What is the group name you seek to scrape?  studentjudicial


In [None]:
# These variables will take the cookies from 'Cookie Manager' discussed above as strings.
cookie_T = ''
cookie_Y = ''

# Define a list to log successful attempts.
fetch_log = []

# Iterate through the private group messages. The most recent group message number 
# can be found at: https://groups.yahoo.com/api/v1/groups/<groupname>/messages?count=10
# Parse the results to discern the most recent message number.
for i in range(1737,0,-1):
    fetch_log.append(
        ('{} Working on message {}.'.format(
            str(datetime.datetime.now()), str(i))))
    # For demonstration purposes use a generic groupsuch as 'concatenative'
    
    # Alternate code approach available.
    # s = requests.Session()
    # post = s.get('https://groups.yahoo.com/api/v1/groups/' + grp_name + '/messages/' + str(i) + '/', cookies={'T': cookie_T, 'Y': cookie_Y})

    post = requests.get(
        'https://groups.yahoo.com/api/v1/groups/' + grp_name + '/messages/' + str(i) + '/', 
        cookies={'T': cookie_T, 'Y': cookie_Y})

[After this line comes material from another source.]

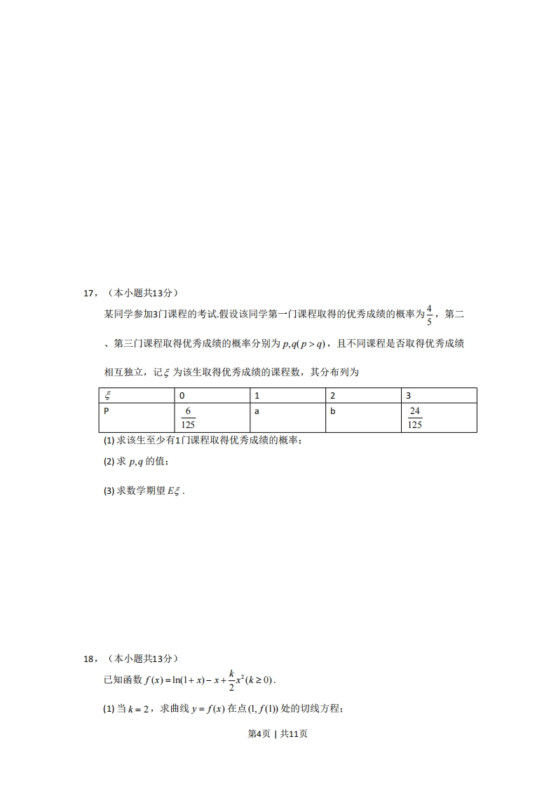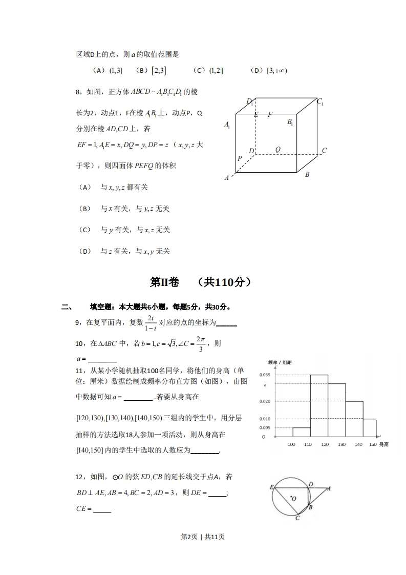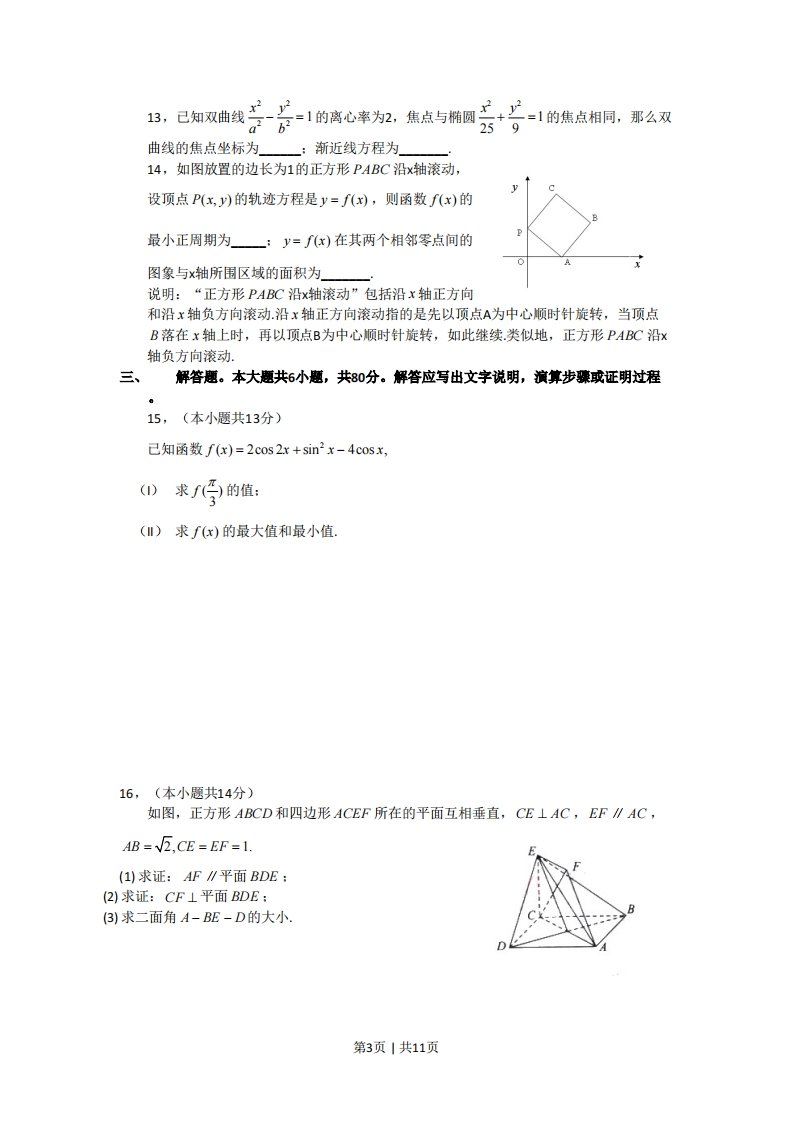 2010年普通高等学校招生全国统一考试数学(理)第1卷选择题(共40分)一、本大题共8小题,每小题5分,共40分。在年小题列出的4个选项中,选出符合题目要求的一项。1,集合P={x∈ZI0≤x<3},M={x∈R|x2≤9},则P∩M=(A){L,2}(B){0,1,2}(c){xI0≤x<3}(D){x0≤x≤3}2,在等比数列{an}中,4=1,公比q≠1若am=a,424,a,a5,则m=(A)9(B)10(c)11(D)123,一个长方体去掉一个小长方体,所得集合体的正(主)视图与侧(左)视图分别如右图所示,则该几何体的俯视图为正(主)视侧(左)视4,8名学生和2位老师站成一排合影,2位老师不相邻的排法总数为(A)(B)AC(c)A4号(D)AC5,极坐标方程(p-1(0-π)=0(p≥0)表示的图形是(A)两个圆(B)两条直线(c)一个圆和一条射线(D)一条直线和一条射线6,a,b为非零向量,“a⊥”是“函数f(x)=(xa+b(xb-a为一次函数”的(A)充分而不必要条件(B)必要而不充分条件(C)充分必要条件(D)既不充分也不必要条件x+y-11207,设不等式组3x-y+3≥0表示的平面区域为D,若指数函数y=的图象上存在5x-3y+9≤0第1页1共11页区域D上的点,则a的取值范围是(A)1,31(B)[2,3](c)1,2](D)[3,+0)8,如图,正方体ABCD-A,B,C,D的棱长为2,动点E,在棱AB上,动点P,QB分别在棱AD,CD上,若AEF=1,AE=x,DO=y,DP=z (x,y,于零),则四面体PEFQ的体积B(A)与x,片:都有关(B)与x有关,与y,:无关(C)与y有关,与x,z无关(D)与:有关,与x,y无关第卷(共110分)二、填空题:本大题共6小题,每题5分,共30分。9,在复平面内,复数艺对应的点的坐标为—]10,在a1BC中,若b=lc=5,∠C=号,则q=顿率/组距11,从某小学随机抽取100名同学,将他们的身高(单0.035位:厘米)数据绘制成频率分布直方图(如图),由图中数据可知a=.若要从身高在0.020[120,130),[130,140),[140,150)三组内的学生中,用分层0.0100.005抽样的方法选取18人参加一项活动,则从身高在0100110120130140150身高[140,150]内的学生中选取的人数应为一12,如图,⊙0的弦ED,CB的延长线交于点A,若BD⊥AE,AB=4,BC=2,AD=3,则DE=一CE=第2页1共11页13,己知双曲线卡=1的高心率为加,焦点与椭圆云号1的焦点相同,那么双x2 y259曲线的焦点坐标为一:渐近线方程为14,如图放置的边长为1的正方形PABC沿x轴滚动,设顶点P(x,y)的轨迹方程是y=f(x),则函数f(x)的最小正周期为一:y=f(x)在其两个相邻零点间的图象与x轴所围区域的面积为说明:“正方形PABC沿x轴滚动”包括沿x轴正方向和沿x轴负方向滚动.沿x轴正方向滚动指的是先以顶点A为中心顺时针旋转,当顶点B落在x轴上时,再以顶点B为中心顺时针旋转,如此继续类似地,正方形PABC沿x轴负方向滚动:三、解答题。本大题共6小题,共80分。解答应写出文字说明,演算步骤或证明过程15,(本小题共13分)己知函数f(x)=2cos2x+sin2x-4cosx,①求孕的值:(I)求f(x)的最大值和最小值,16,(本小题共14分)如图,正方形ABCD和四边形ACEF所在的平面互相垂直,CE⊥AC,,EF∥AC,AB =2,CE EF =1.(1)求证:AF∥平面BDE:(2)求证:CF⊥平面BDE:(3)求二面角A-BE-D的大小.第3页1共11页

    # Yahoo Groups api returns JSON.
    post_parsed = json.loads(post.text)
    
    # The api result uses html in the messageBody; remove html tags from messageBody.
    try:
        soup = BeautifulSoup(post_parsed['ygData']['messageBody'], 'html.parser')
        soupstring = soup.get_text()
    # If no message found for that index; populate with message not found.
    except KeyError:
        soupstring = 'Post number {} was not found.'.format(str(i))
    
    # Optionally remove comments from html
    # pullstring = soupstring[soupstring.find('<!--'):soupstring.find('-->')+3]
    # cleanstring = soupstring.replace(pullstring,'')
    # soupstring = cleanstring
    
    # Save the message body as a .txt file.
    post_file = open(
        os.path.join(
            'msgs', ''.join(
                (grp_name + '_' + str(i) + r'_post.txt'))), 'w', encoding='utf-8')
    post_file.write(soupstring)
    post_file.close()
    
    # Save the api result as a .json file.
    json_file = open(
        os.path.join(
            'msgs', ''.join(
                (grp_name + '_' + str(i) + r'_json.json'))), 'w', encoding='utf-8')
    json_file.write(post.text)
    json_file.close()
    
    # Optionally pause to assist in avoiding CAPTCHA and other anti-robot features.
    time.sleep(.1)

In [None]:
# Save fetch_log for later reference.
with open(grp_name + '_fetch_log_' + 
        str(datetime.datetime.now())[2:16].replace(" ", "-").replace(":","") + 
        '.log', mode='w') as logfile:
            print('This is the log of fetched messages file from {}'.format(
                str(datetime.datetime.now())), file=logfile)
            print('Yahoo Group name {}.'.format(grp_name), file=logfile)
            for fetch_line in fetch_log:
                print(fetch_line, file = logfile)
logfile.close

In [3]:
# Get location of messages to compile.
folder_location = input(prompt='What is the location of messages (no input will default to msgs)?  ')
# Give grp_name a default if no input.
if folder_location == '':
    folder_location = 'msgs'

What is the location of messages (no input will default to msgs)?  


In [17]:
# Build a dataset from the files created above.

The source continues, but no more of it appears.